5. Serum creatinine ≤ 1.5 times the upper limit of normal, creatinine clearance ≥
60ml/min; 7) The subject has at least 1 measurable liver disease (according to
RECIST1.1); 8) For women who are not breastfeeding or pregnant, use contraception
during treatment or 3 months after the end of treatment.

Exclusion Criteria:

- 1) Pathological diagnosis of hepatocellular carcinoma, mixed hepatocellular carcinoma
and other non-biliary cell carcinoma malignant tumor components; 2) Patients who
relapse after surgery, have received PD1 antibody, PDL1 antibody or CTLA4 antibody,
lenvatinib, chemotherapy in the past; participated in other clinical trials 30 days
before screening; 3) Past or simultaneous suffering from other malignant tumors,
except for fully treated non-melanoma skin cancer, cervical carcinoma in situ and
thyroid papillary carcinoma; 4) Active tuberculosis infection.

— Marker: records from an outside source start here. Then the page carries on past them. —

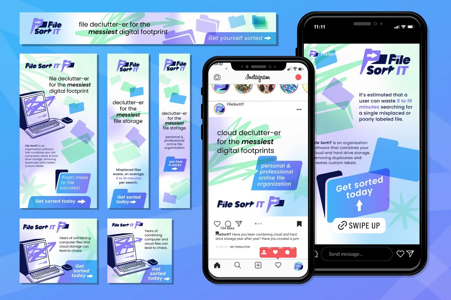 An organizational software designed to simplify file chaos, which serves as the inspiration for the brand elements. The core brand keywords are chaos, simplification, action, success, and excitement. Each touchpoint begins with a sense of disorder and transitions to a streamlined solution—represented visually through scribbles and organic shapes that gradually resolve into clean, flat graphics. The logotype features italics and a flag symbol to represent achievement.
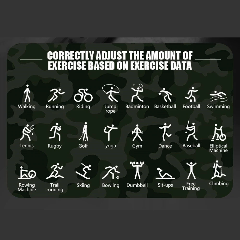 ▸ 24 tipos de deportes: caminar, correr, ciclismo, saltar la cuerda, bádminton, baloncesto, fútbol, natación, tenis, fútbol, golf, yoga, gimnasio, baile, béisbol, máquina elíptica, máquina de remo, correr a campo traviesa, esquí, bolos, mancuernas, abdominales, entrenamiento gratuito, montañismo.
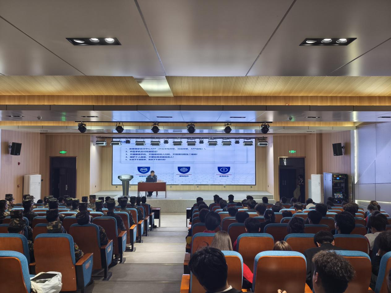 本次讲座以鲜活案例为切入,以透彻剖析为支撑,为师生上了一堂生动的法治教育课。同学们普遍表示,通过聆听讲座,对电信网络诈骗的惯用伎俩有了更为清醒的认识,今后将时刻保持警惕,坚决避免成为诈骗分子的侵害对象,自觉抵制各类违法出租出借行为。活动采取“线下主会场+线上直播”形式,实现了对全校学生的全覆盖教育,有效提升了学生的法治素养和防范能力,为深入推进平安校园建设奠定了坚实基础。(信息员:学生工作部   张嘉怡)
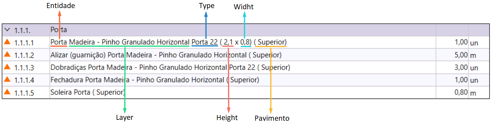 Esses itens são extraídos das propriedades de cada elemento. Caso selecionemos um item no quantitativo e acessemos suas propriedades, veremos que, para as propriedades abaixo, teremos a descrição Porta Madeira - Pinho Granulado Horizontal Porta 22 (2,1 x 0,8). Note que o programa atribui o formato Entidade - Layer - Type - Height - Width para a descrição do item.
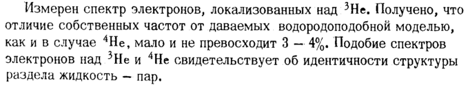 Измерен спектр электронов, локализованных над 3Не. Получено, что отличие собственных частот от даваемых водородоподобной моделью, как и в случае 4Не, мало и не превосходит 3 — 4%. Подобие спектров электронов над 3Не и 4Не свидетельствует об идентичности структуры раздела жидкость — пар.
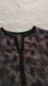 Chic blouse with a unique black and purple pattern. Features a sleek neckline.
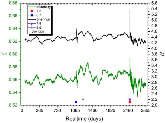 Mutability and Shannon entropy on magnitudes for successive overlapping time windows, each consisting of 1024 events. Symbols mark the earthquakes listed in Table 1.

Patients with active
tuberculosis infection within 1 year before enrollment; a history of active
tuberculosis infection more than 1 year before enrollment, no formal anti-tuberculosis
treatment or tuberculosis is still active; 5) Suffer from active, known or suspected
autoimmune diseases. Subjects with hypothyroidism who only need hormone replacement
therapy and skin diseases without systemic therapy can be selected; 6) Past
interstitial lung disease, or (non-infectious) pneumonia and need oral or intravenous
steroid therapy; 7) Long-term use of systemic hormones (dose equivalent to >10mg
prednisone/day) or any other form of immunosuppressive therapy is required. Subjects
using inhaled or topical corticosteroids can be selected; 8) Active infections that
require systemic treatment; 9) Human immunodeficiency virus (HIV, HIV1/2 antibody)
positive; 10) A history of psychotropic drug abuse, alcohol or drug abuse; 11)

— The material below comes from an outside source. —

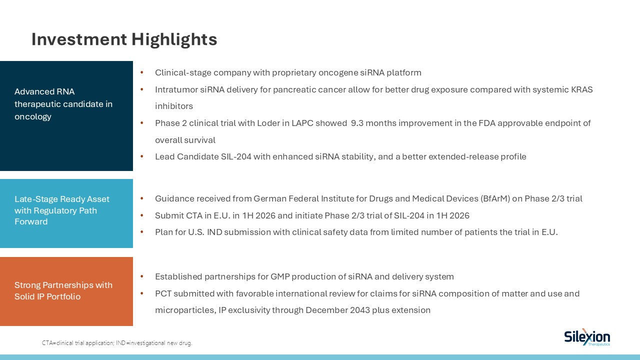 Investment Highlights  CTA=clinical trial application; IND=investigational new drug.   Clinical-stage company with proprietary oncogene siRNA platform  Intratumor siRNA delivery for pancreatic cancer allow for better drug exposure compared with systemic KRAS inhibitors   Phase 2 clinical trial with Loder in LAPC showed 9.3 months improvement in the FDA approvable endpoint of overall survival  Lead Candidate SIL-204 with enhanced siRNA stability, and a better extended-release profile  Advanced RNA therapeutic candidate in oncology  Late-Stage Ready Asset with Regulatory Path Forward  Strong Partnerships with Solid IP Portfolio   Guidance received from German Federal Institute for Drugs and Medical Devices (BfArM) on Phase 2/3 trial  Submit CTA in E.U. in 1H 2026 and initiate Phase 2/3 trial of SIL-204 in 1H 2026   Plan for U.S. IND submission with clinical safety data from limited number of patients the trial in E.U.  Established partnerships for GMP production of siRNA and delivery system  PCT submitted with favorable international review for claims for siRNA composition of matter and use and microparticles, IP exclusivity through December 2043 plus extension

Significant clinically significant bleeding symptoms or a clear tendency to appear
within 3 months before enrollment; 12) Suspected of being allergic to study drugs; 13)
Suffer from hypertension, and cannot be well controlled by antihypertensive medication
(systolic blood pressure ≥140mmHg or diastolic blood pressure ≥90mmHg); 14) After
antiviral therapy, HBvDNA>104 copies/ml, HCV RNA>1000; 15) Accompanied by ascites,
hepatic encephalopathy, Gilbert syndrome, sclerosing cholangitis, etc. Combined with
insufficiency of other organs, it is expected that they cannot accept general
anesthesia or hepatectomy; 16) Other factors judged by the investigator that may
affect the safety of the subject or the compliance of the trial. Such as serious
illnesses (including mental illness) that require combined treatment, serious
laboratory abnormalities, or other family or social factors.